The Properties Table

Version >= 1.9.0{: .version} Osm2pgsql stores some properties into a database table. This table is always called osm2pgsql_properties. It will be created in the schema set with the --middle-schema option, or the public schema by default.

The properties table tracks some settings derived from the command line options and from the input file(s). It allows osm2pgsql to make sure that updates are run with compatible options. Versions before 1.9.0 do not create this table and so they don't offer the checks specified below.

The osm2pgsql_properties table contains two columns: The property column contains the name of a property and the value column its value. Properties are always stored as strings, for boolean properties the strings true and false are used.

The following properties are currently defined:

Property Type Description
attributes bool Import with OSM attributes (i.e. osm2pgsql was run with -x or --extra-attributes)?
current_timestamp string Largest timestamp of any object in any of the input file(s) in ISO format (YYYY-mm-ddTHH:MM:SSZ). Updated with each data update.
db_format int 0 = not updatable, 1 = legacy format, 2 = new format.
flat_node_file string Absolute filename of the flat node file (specified with -F or --flat-nodes). See below for some details.
import_timestamp string Largest timestamp of any object in the in the input file(s) in ISO format (YYYY-mm-ddTHH:MM:SSZ). Only set for initial import.
output string The output as set with the -O or --output option.
prefix string Table name prefix set with -p or --prefix.
replication_base_url string For replication (see below).
replication_sequence_number string For replication (see below).
replication_timestamp string For replication (see below).
style string The style file as set with the -S or --style option. See below for some details.
updatable bool Is this database updatable (imported with --slim and without --drop)?
version string Version number of the osm2pgsql application that did the import.
{: .desc}

When updating an existing database that has an osm2pgsql_properties table, osm2pgsql will check that the command line options used are compatible and will complain if they are not. Options that are not set on the command line will automatically be set if needed. So for instance if you import a database without -x but then use -x on updates, osm2pgsql will fail with an error message. If you use -x both on import and on update everything is fine. And if you use -x on import but not on update, osm2pgsql will detect that you used that option on import and also use it on update.

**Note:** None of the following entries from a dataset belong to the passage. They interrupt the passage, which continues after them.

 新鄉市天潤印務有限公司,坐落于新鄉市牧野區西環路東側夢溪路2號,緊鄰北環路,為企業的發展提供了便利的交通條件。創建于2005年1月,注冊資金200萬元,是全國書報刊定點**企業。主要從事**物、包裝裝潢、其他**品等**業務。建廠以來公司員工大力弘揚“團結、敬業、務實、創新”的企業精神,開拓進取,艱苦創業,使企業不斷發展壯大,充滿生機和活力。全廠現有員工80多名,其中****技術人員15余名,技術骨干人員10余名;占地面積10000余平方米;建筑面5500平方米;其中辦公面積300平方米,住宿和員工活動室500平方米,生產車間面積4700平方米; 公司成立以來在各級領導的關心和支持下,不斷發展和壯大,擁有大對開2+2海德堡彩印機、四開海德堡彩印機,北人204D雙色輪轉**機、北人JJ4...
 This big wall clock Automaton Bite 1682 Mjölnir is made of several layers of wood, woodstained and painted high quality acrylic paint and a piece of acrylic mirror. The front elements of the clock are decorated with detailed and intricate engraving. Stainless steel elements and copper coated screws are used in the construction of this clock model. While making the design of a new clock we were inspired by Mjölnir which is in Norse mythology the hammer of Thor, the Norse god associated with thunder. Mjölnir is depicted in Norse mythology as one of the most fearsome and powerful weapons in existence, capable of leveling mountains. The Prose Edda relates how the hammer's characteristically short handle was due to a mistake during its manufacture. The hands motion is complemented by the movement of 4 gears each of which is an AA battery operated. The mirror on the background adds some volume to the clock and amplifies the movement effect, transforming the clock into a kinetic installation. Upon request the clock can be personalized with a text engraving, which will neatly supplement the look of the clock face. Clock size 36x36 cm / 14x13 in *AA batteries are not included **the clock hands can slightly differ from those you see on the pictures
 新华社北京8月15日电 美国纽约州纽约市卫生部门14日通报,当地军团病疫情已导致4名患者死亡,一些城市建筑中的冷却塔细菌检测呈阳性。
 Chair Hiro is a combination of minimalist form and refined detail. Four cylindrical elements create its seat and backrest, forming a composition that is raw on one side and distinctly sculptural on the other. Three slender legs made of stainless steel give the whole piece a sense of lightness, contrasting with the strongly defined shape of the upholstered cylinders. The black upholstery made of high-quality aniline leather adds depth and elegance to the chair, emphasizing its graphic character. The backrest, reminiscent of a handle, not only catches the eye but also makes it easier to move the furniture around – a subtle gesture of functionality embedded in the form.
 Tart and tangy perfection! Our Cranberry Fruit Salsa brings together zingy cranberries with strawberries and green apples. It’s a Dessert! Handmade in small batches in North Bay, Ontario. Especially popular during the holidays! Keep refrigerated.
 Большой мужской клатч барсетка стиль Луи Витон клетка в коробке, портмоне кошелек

The name of the flat node and style files specified on the command line are converted to absolute file names and stored in the flat_node_file and style property, respectively. That means that osm2pgsql will find the files again even if you start it from a different current working directory. If you need to move the flat node or style file somewhere else, you can do that. The next time you run osm2pgsql, add the -F, --flat-nodes or -S, --style option again with the new file name and osm2pgsql will use the new name and update the properties table accordingly.

The current_timestamp and import_timestamp properties are not set if the input file(s) don't contain timestamps on the OSM objects. (Timestamps in OSM files are optional, but most OSM files have them.)

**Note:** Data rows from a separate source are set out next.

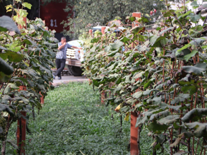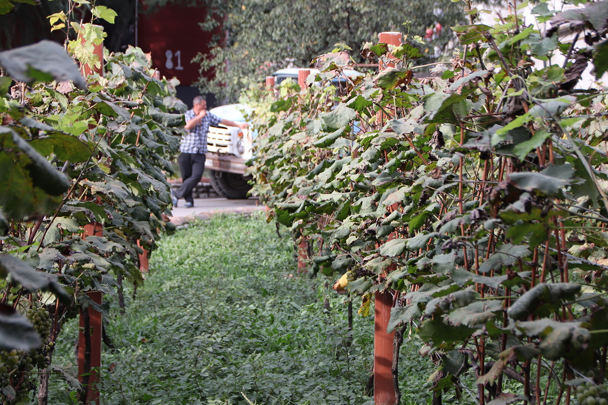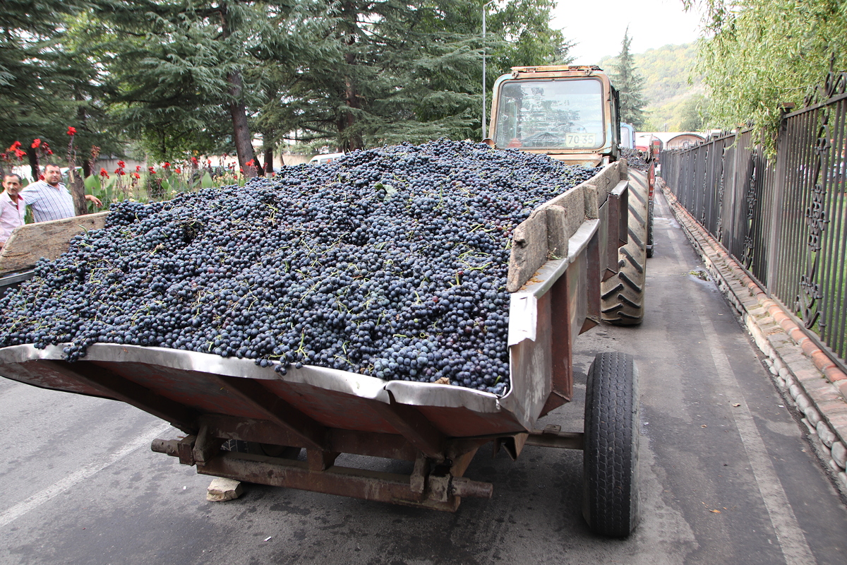 Our destination was one such winery with a unique underground storage facility near the town of Kvareli. Known as Khareba wine cellar, it was located in a tunnel carved into the rock of a small hill where the temperatures were so cool that many people had to put on some rugs supplied by the winery. Originally built for military purposes, the tunnel is used these days to store wines in bottles and in vats, both oak and clay. The main purpose of visiting Khareba was for wine tasting, so not being a wine drinker, I took a short walk to the wine factory next door which was far more interesting, as there was a line of perhaps 50 trucks and tractors bringing full loads of grapes for selling to the winery.
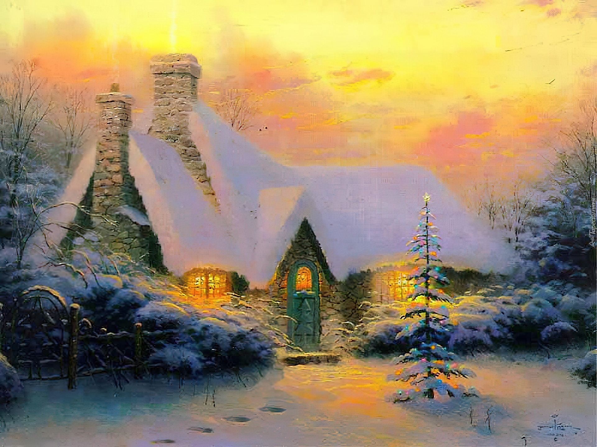 Edytor tapety: Dom, Śnieg, Choinka, Noc, Światło
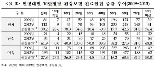 2009~2013년 인구 10만명당 진료 인원은 여성의 경우 30대에서 4.5% 소폭 증가했으며 40대에서는 오히려 4.4% 줄었다. 반면 남성은 각각 20대 100%, 30대 70% 크게 늘었다.
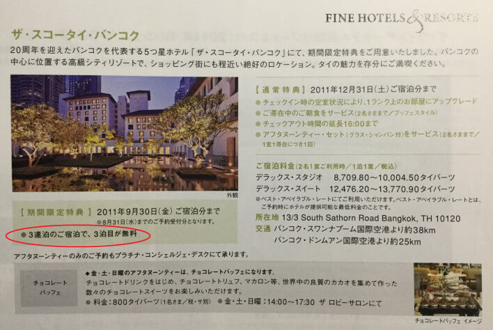 左下赤丸の部分に「3連泊で3泊目無料」という記載がありますが右側のようにレイトチェックアウトやアップグレード、朝食など通常のFHRの特典もついています。
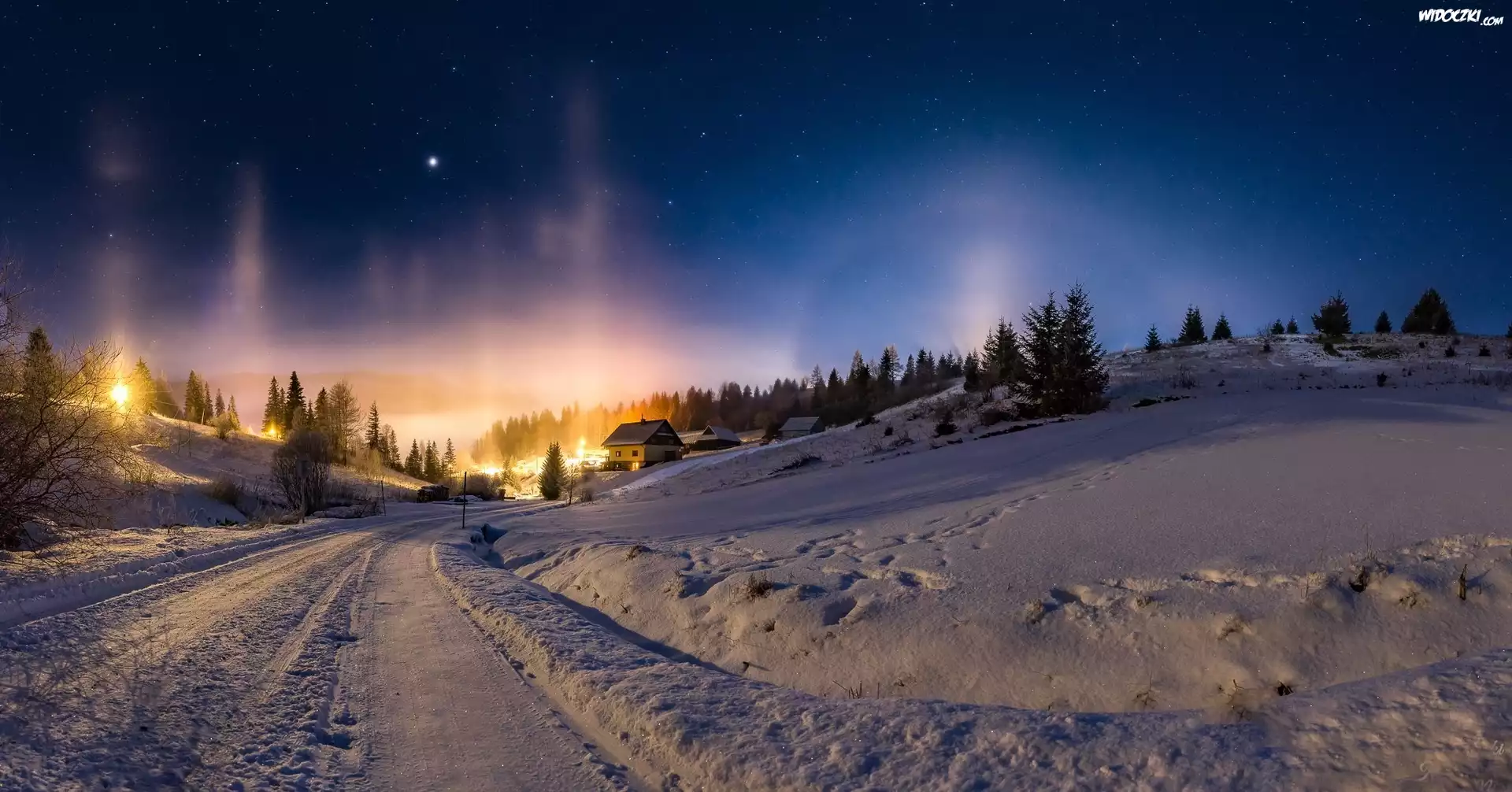 Zdjęcia, Śnieg, Noc, Poświata, Droga

The replication_* properties reflect the setting of the respective header fields in the input file on import and are used by osm2pgsql-replication to automatically update the database. That program will also update those fields. If you import multiple files, these properties will not be set.

The contents of the osm2pgsql_properties table are internal to osm2pgsql and you should never change them. There is one exception: You can add your own properties for anything you need, but make sure to start the property names with an underscore (_). this way the property names will never clash with any names that osm2pgsql might introduce in the future.

Database Structure

The middle stores its data in the database in the following tables. The PREFIX can be set with the -p, --prefix option, the default is planet_osm. (Note that this option is also interpreted by the pgsql output!)

Table Description
PREFIX_nodes OSM nodes
PREFIX_ways OSM ways
PREFIX_rels OSM relations
PREFIX_users OSM users
{:.desc}

Note that if a flat node file is used (see below) the PREFIX_nodes table might be missing or empty, because nodes are stored in the flat node file instead. The users table is only used in the new database format and when the -x, --extra-attributes command line option is used (see below).

Historically the names and structure of these tables, colloquially referred to as "slim tables", are an internal implementation detail of osm2pgsql that users should not rely on. We are currently in the process of moving from the legacy table format to the new format which is designed to be easier to use also for users.

Version < 1.9.0{: .version} Only the legacy format is available.

Version == 1.9.0{: .version} The legacy format is the default. The new format is experimental. To set the format use the --middle-database-format=FORMAT command line option on import (in "create mode"). For updates (in "append mode") the database format will be autodetected.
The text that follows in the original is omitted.